Saturday, June 16, 2007

Coffee on the patio

As you know, the weather in Austin does not lend itself to patio-sitting much of the year. Early-morning is of course more comfortable, but when summer really comes to town it is just too hot and humid to enjoy being outside – even in the mornings. So now is the time to enjoy the patio. Now is the time to sit in my new $10 plastic chair, put my coffee cup on a left-over kindergarten table and survey my kingdom. Life is good.

Unlike some of you, we’re not surrounded by flowerbeds and foliage. There is a large pot with a few tomato plants (actually bearing tomatoes, I’m pleased to report), two pots of cucumber plants that have bloomed like crazy but have yet to set a cucumber, and two pots of mystery flowers that have pretty blooms, but we haven’t a clue what they are. They were on sale at Home Depot and there probably was a sign somewhere that gave the name, but we kind of missed that. So they are anonymously pretty.

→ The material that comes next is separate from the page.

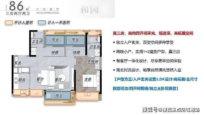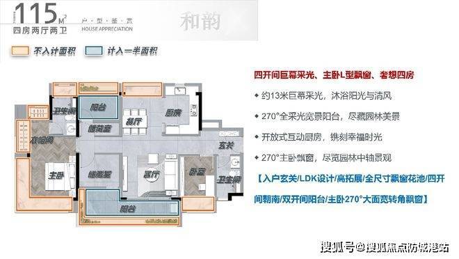 户型设计是花语和岸的最大卖点之一,作为荔湾首个实现使用率100%的新盘,所有主力户型在赠送飘窗等后,使用率都能超过100%,实际得房很友好。主要在售86㎡、115㎡、136㎡、142㎡几个经典面积段,都主打实用与景观结合。86㎡三房,开间朝南,独立玄关设计,空间灵活调节,主卧带衣帽间,客厅接270度全景阳台,南北通透,采光通风一流,实用率轻松超95%。115㎡四房,厅出大阳台,L型飘窗加宽功能区,多功能空间随意组合,收纳能力强,下班回家放空看景很舒服。136㎡四房,多房朝南无遮挡,客厅开间约5米,双阳台南北对流,主卧270度L型大飘窗拓展800mm收纳,景观视野开阔。142㎡四房,2梯2户加独梯入户,私密性拉满,双主卧配置,8.5米宽景阳台直面花地河水景,北阳台望河,南飘窗看园林,双面景观享受。整体户型方正,飘窗政策优化后空间更宽裕,居住舒适度高。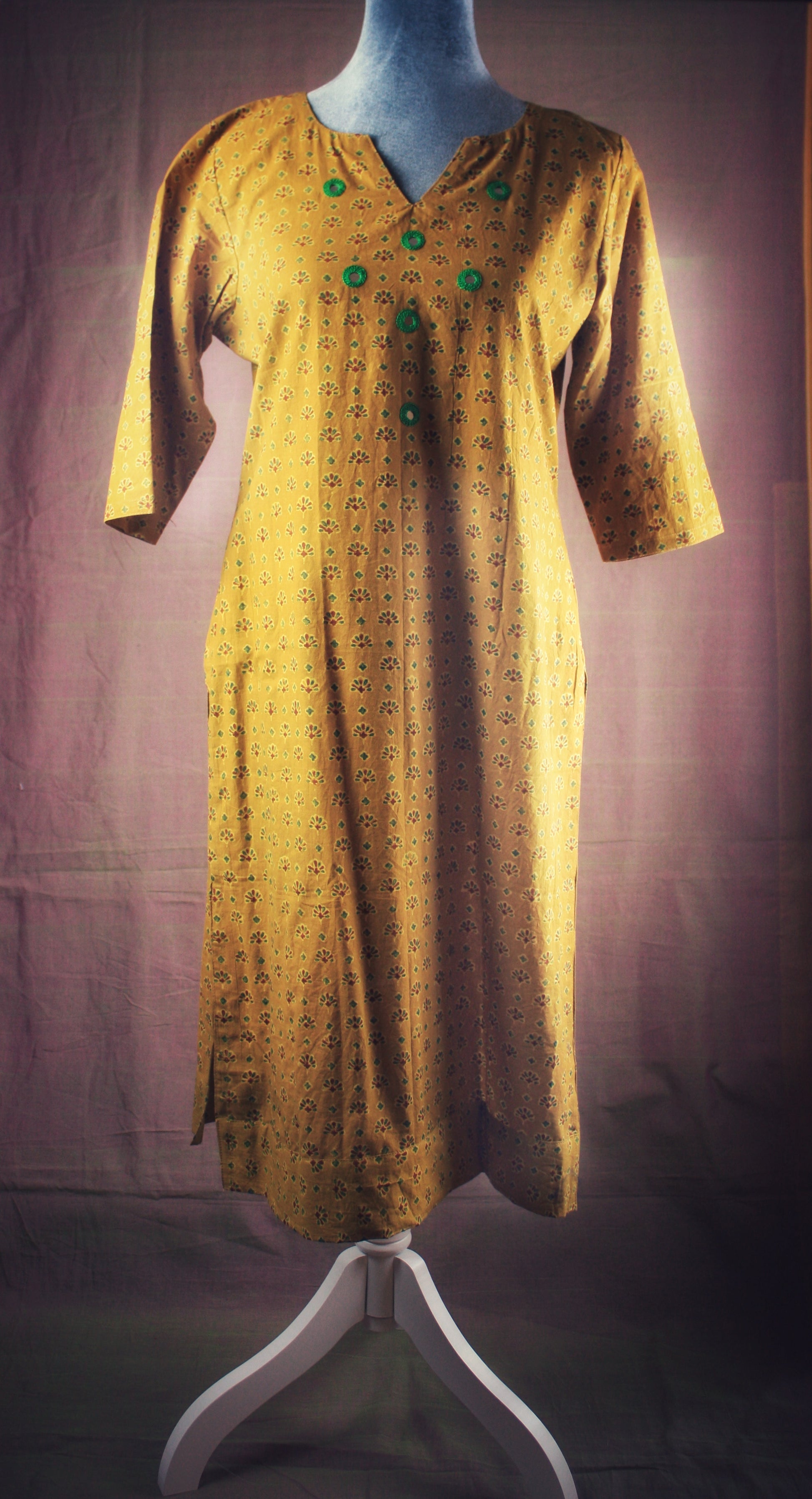 The colors combinations and precision of the complex geometric and floral patterns are all so alluring! One can simply stare at these hand block printed fabrics all day for they are so mesmerizing! The little mirrors embroidered to the yoke add an additional focal point.  Designs vary by color. Dupatta sold separately.

We have the bird feeder of course, but they don’t come feed when you are sitting out. They just sit in the tree and gripe until you go back inside. The back yard stays adequately mowed, thanks to Todd and his crew. They can mow the front and back, trim the edges and blow off the sidewalk in less time than it took me to get the mower gassed up. The Bramblett pecan tree is a nice size now, but we’ve never gotten any pecans from it. That’s about it, view wise.

It’s the borders of the kingdom that give me pause. It’s a jungle out there. Who knew that the 4 little hedge plants I put between us and the Nichol’s property would grow as tall as the house, and that wild grape vines and something that looks suspiciously like poison ivy would take root in those hedges and twine themselves into an impenetrable barrier? Or that over on the other edge of the property the rootstock of a hybrid mail-order pear tree would outlive the tree and now be a thick squatty bush that yields what may be crab apples and takes up too much room.

Or that down at the back fence a bazillion hackberry saplings would grow into a solid wall, blocking completely the view to the neighbor’s yard – not that’s necessarily a bad thing – It’s just that there are so many of them! The Chinese Tallow along the lower left fence is now threatening both electric line and cable – neither of which I am willing to do without. And then there’s the sink hole just beyond the patio where once there was a big hackberry. Ben Baisdon’s crew cut the tree down before it fell on the house and where there was once a stump now there’s a pit. I have visions of it opening up some day and swallowing everything and our house becomes film at eleven. And has anyone seen the coral snake lately? No? Good.

I really need to do something about the wilderness at the edge of my verge. But first, I think I’ll have another cup of coffee.

2 comments:

Julie said...

Yes, patio life is good.

I'm confused about the Bramblett pecan, though. Is this is a gift from the Bramblett side of the family, or is perhaps Bramblett the name of that type of tree? IMWTK.

Bob said...

Actually I don't know where the Bramblett pecan tree is; the tree growing in the back yard grew from a sapling that came from a tree in Breckenridge that my mother said had come from the Bramblet pecan.